Скопившаяся во мне магия что-то делала.
В языках, которые я знал, не было слов, чтобы это выразить. Могла ли моя плоть выкрикнуть слово, беззвучно, не произнося его вслух? Могла ли магия, живущая где-то вне плотского мира, отдавать через меня приказы, чтобы где-то происходило нечто, чего она желала? Именно так это ощущалось. Я смутно чувствовал начало чего-то. Первое событие, которое вызовет цепь последующих, уже произошло. Закончив, магия успокоилась и затаилась во мне, а я вдруг ощутил страшную усталость и провалился в сон.
Когда я проснулся, солнце уже зашло. Получалось, что я проспал почти весь день. Я встал, тихонько спустился по лестнице и остановился внизу, прислушиваясь. Из кабинета отца до меня доносился его резкий голос. Росс уехал; я задумался, кого же он отчитывает. Вскоре я услышал тихий ответ матери. Ясно. Я быстро прошел мимо двери в кабинет, мимо музыкальной комнаты, где Элиси играла на арфе грустную мелодию. Молодой человек на свадьбе Росса не сделал ей предложение. Виновен ли в этом я? Наш дом стал средоточием печали, и все из-за меня. Я открыл входную дверь и шагнул в ночь.
Я прошел по знакомому темному саду и сел на скамейку, пытаясь осознать, что у меня больше нет будущего. Мне некуда пойти и нечем заняться. Паром ночью не ходит, и я не могу перебраться через реку в Приют Бурвиля. Я уже давным-давно прочел большую часть книг в нашей библиотеке, никаких идей в голову не приходило, друзей у меня не было. И так будет до конца моей жизни. Я буду заниматься тяжелым физическим трудом на наших землях, а потом бесцельно бродить по ночам. Я стану тенью в родном доме, бесполезным лишним сыном, и ничем более.
Я тряхнул головой, чтобы избавиться от печальных глупостей. Затем подтянул брюки и, выйдя из сада, направился к дому, где жили слуги-мужчины. Отец возвел его отдельно от особняка, и мать не уставала жаловаться, что он больше похож на военный барак, чем на жилище для слуг. Она была права, но я не сомневался, что отец добился этого сознательно. Одна дверь вела в длинную, открытую спальню для сезонных рабочих. В другом конце строения имелись комнатки для слуг. Я подошел к двери сержанта Дюрила. Как ни странно, за все годы, что он учил меня, я стучался сюда всего несколько раз.

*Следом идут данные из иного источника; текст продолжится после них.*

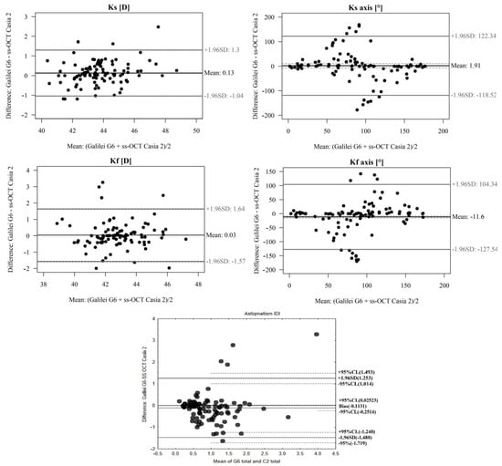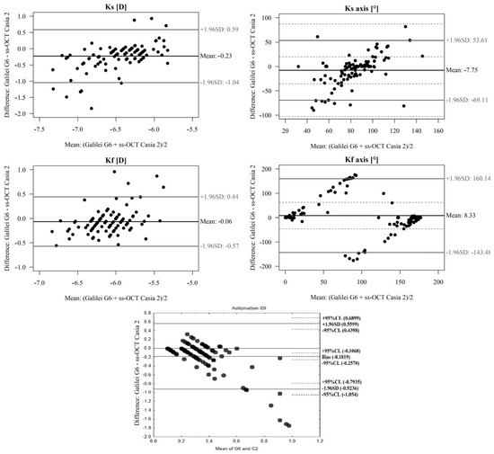 In the OCT Casia 2 and GalileiG6 Dual Scheimpflug Analyzer comparison, there were significant differences between devices for the total Ks axis (°). The difference is insignificant (p > 0.05), and the ICC is low (Table 1 and Figure 2).

На мгновение я замер в нерешительности, вдруг сообразив, что, несмотря на годы, проведенные вместе, я многого о нем не знаю. Например, спит ли он сейчас или, может, отправился в Приют Бурвиля. В конце концов я отругал себя за глупую трусость и решительно постучал.
Внутри царила тишина. Затем я услышал скрип стула и шаги. Дверь открылась, наружу пролился свет лампы. При виде меня брови Дюрила поползли вверх.
— Невар? Что тебя сюда привело?
Он был в нижней рубахе и брюках, босиком. Я застал его, когда он уже собирался ложиться спать. Неожиданно я понял, что стал выше сержанта Дюрила. Я привык видеть его в сапогах или верхом на лошади. Сейчас, когда он был без шляпы, я с удивлением обнаружил заметную лысину на его голове. Я пытался не глазеть на нее, а он старательно отводил взгляд от моего живота. Я пытался придумать, что же ему сказать — кроме того, что мне ужасно одиноко и я уже никогда не смогу вернуться в Академию.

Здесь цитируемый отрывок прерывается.